To permit marketing of this device for this use, the FDA reviewed data from a single-arm clinical study of 73 patients undergoing opioid physical withdrawal. The study evaluated patients’ clinical opiate withdrawal scale (COWS) score, which is a clinical assessment conducted by a health care professional that measures opioid withdrawal symptoms such as resting pulse rate, sweating, pupil size, gastrointestinal issues, bone and joint aches, tremors, and anxiety. COWS scores range from 0 to more than 36 — the higher the number, the more severe the withdrawal symptoms are to a patient.
Prior to using the device, the average COWS score for all patients was 20.1. Study results showed that all patients had a reduction in COWS of at least 31% within 30 minutes of using the device. Overall, 64 of the 73 patients (88%) transitioned to medication assisted therapy after five days using the device, along with any medications needed for persistent symptoms, such as nausea and vomiting.
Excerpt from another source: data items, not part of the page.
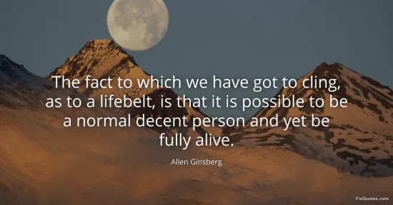 Ginsberg, Allen. "The fact to which we have got to cling, as to a lifebelt, is that it is possible to be a normal decent person and yet be fully alive." FixQuotes. January 14, 2026. https://fixquotes.com/quotes/the-fact-to-which-we-have-got-to-cling-as-to-a-39724/.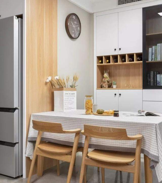 到顶的白色餐边柜有藏有露,除了餐具、餐具等收纳,兼具酒柜和书柜功能,也让餐厅功能变得更多元。旁边转角通向客厅处的储物柜还嵌入冰箱,方便就餐时取用饮品二孩水果等。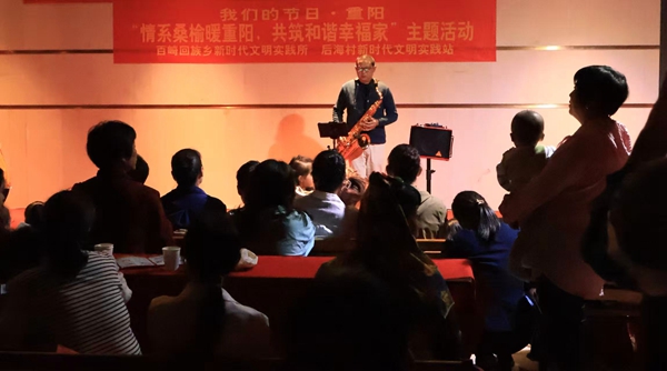 “最美不过夕阳红,温馨又从容……”活动伊始,快乐健身队率先登场,将广场舞与扇子舞巧妙融合,整齐划一的舞步伴着经典旋律,瞬间点燃现场气氛;萨克斯独奏《我爱你中国》《末日格勒河》悠扬响起,演奏者龚先生指尖流淌的旋律温柔动人,引得台下老人们不自觉轻声跟唱;歌曲《醉茫茫》《回乡的我》温情脉脉,演唱者醇厚的嗓音与长辈们的和声交织相融,将邻里间的真挚情谊诠释得淋漓尽致;小朋友们带来的街舞表演活力四射,利落帅气的动作与天真可爱的表情形成萌趣反差,台下掌声与欢呼声此起彼伏;压轴登场的空灵鼓演奏《茉莉花》婉转动听,为整场演出画上圆满句号。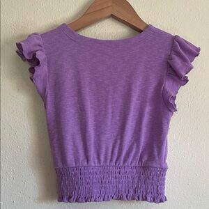 Adorable purple girls top with ruffled sleeves. Perfect for any occasion.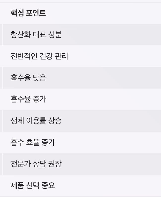 | 효과 체감 | 개인차 존재 | 꾸준한 섭취 필요 |
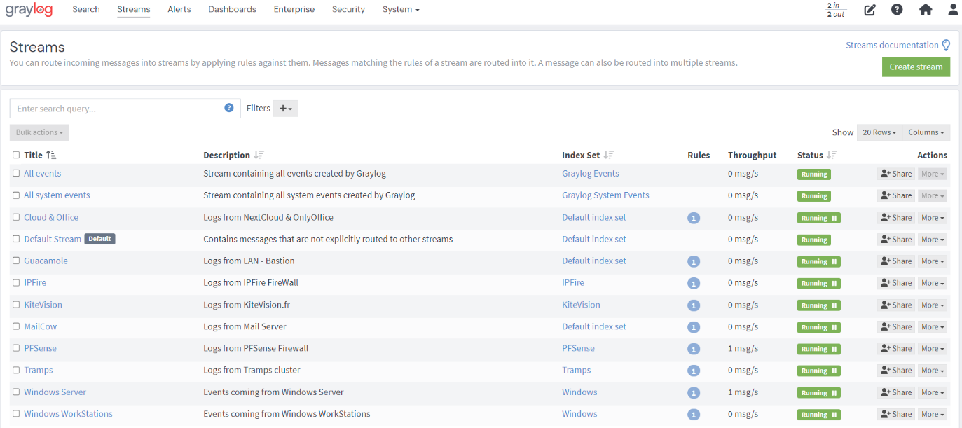 Graylog natively provides many capabilities for processing logs from devices using Syslog, and it can also ingest logs from specific devices like Palo Alto. For Windows EndPoints, additional agent is needed – as NxLOG for instance (see below).Graylog dashboards bring efficient monitoring of all incoming logs, and the ‘inputs’ and ‘streams’ functionalities allow you to define specific ports, protocols, and indices (equivalent to database tables in the OpenSearch terminology) for the ingestion of logs from each device or group of devices. For each indice, log rotation can be specified (on time period or on file size criteria).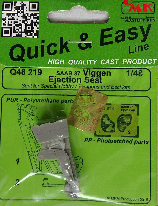 CMK - 1/48 Saab JA-37 Viggen Ejection Seat (designed to be used Special Hobby and Tarangus kits) Highly detailed ejector seat for all versions of the Swedish SAAB 37 fighter plane. The seat comes with a whole set of seat belts and it also contains a photo etched leg restraints.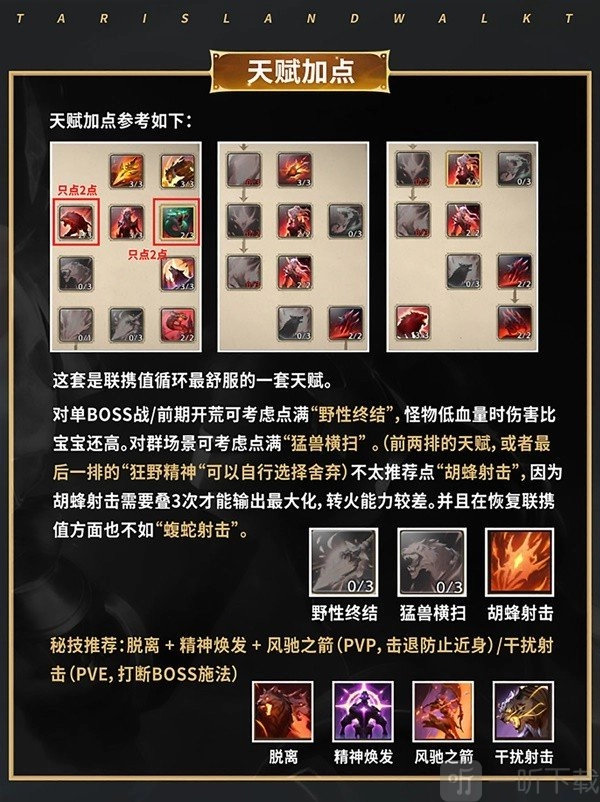 在塔瑞斯世界里,如今已上线9个职业,游侠便是其中一员。在这款游戏中,游侠是极受欢迎的职业之一,堪称荒野中的传奇猎手。作为荒野里的孤独猎手,游侠擅长运用武器与陷阱捕杀野兽。而且,这些野外生存的行家还具备与猛兽交流的能力,能让猛兽成为可靠的伙伴。不少小伙伴对游侠玩法中技能该如何加点不太清楚,今天小编就为大家带来游侠玩法的技能攻略,快来一起看看吧。

The FDA cleared the EAD (electro auricular device, now called Bridge Neurostimulation System) in 2014 for use in acupuncture. FDA’s granting of the current request for the NSS-2 Bridge expands the use of the device as an aid to reduce the symptoms of opioid withdrawal. It is available only by prescription. The device is contraindicated for patients with hemophilia, patients with cardiac pacemakers, or those diagnosed with psoriasis vulgaris.
The FDA reviewed the NSS-2 Bridge device through the de novo premarket review pathway, a regulatory pathway for some low- to moderate-risk devices that are novel and for which there is no legally marketed predicate device to which the device can claim substantial equivalence.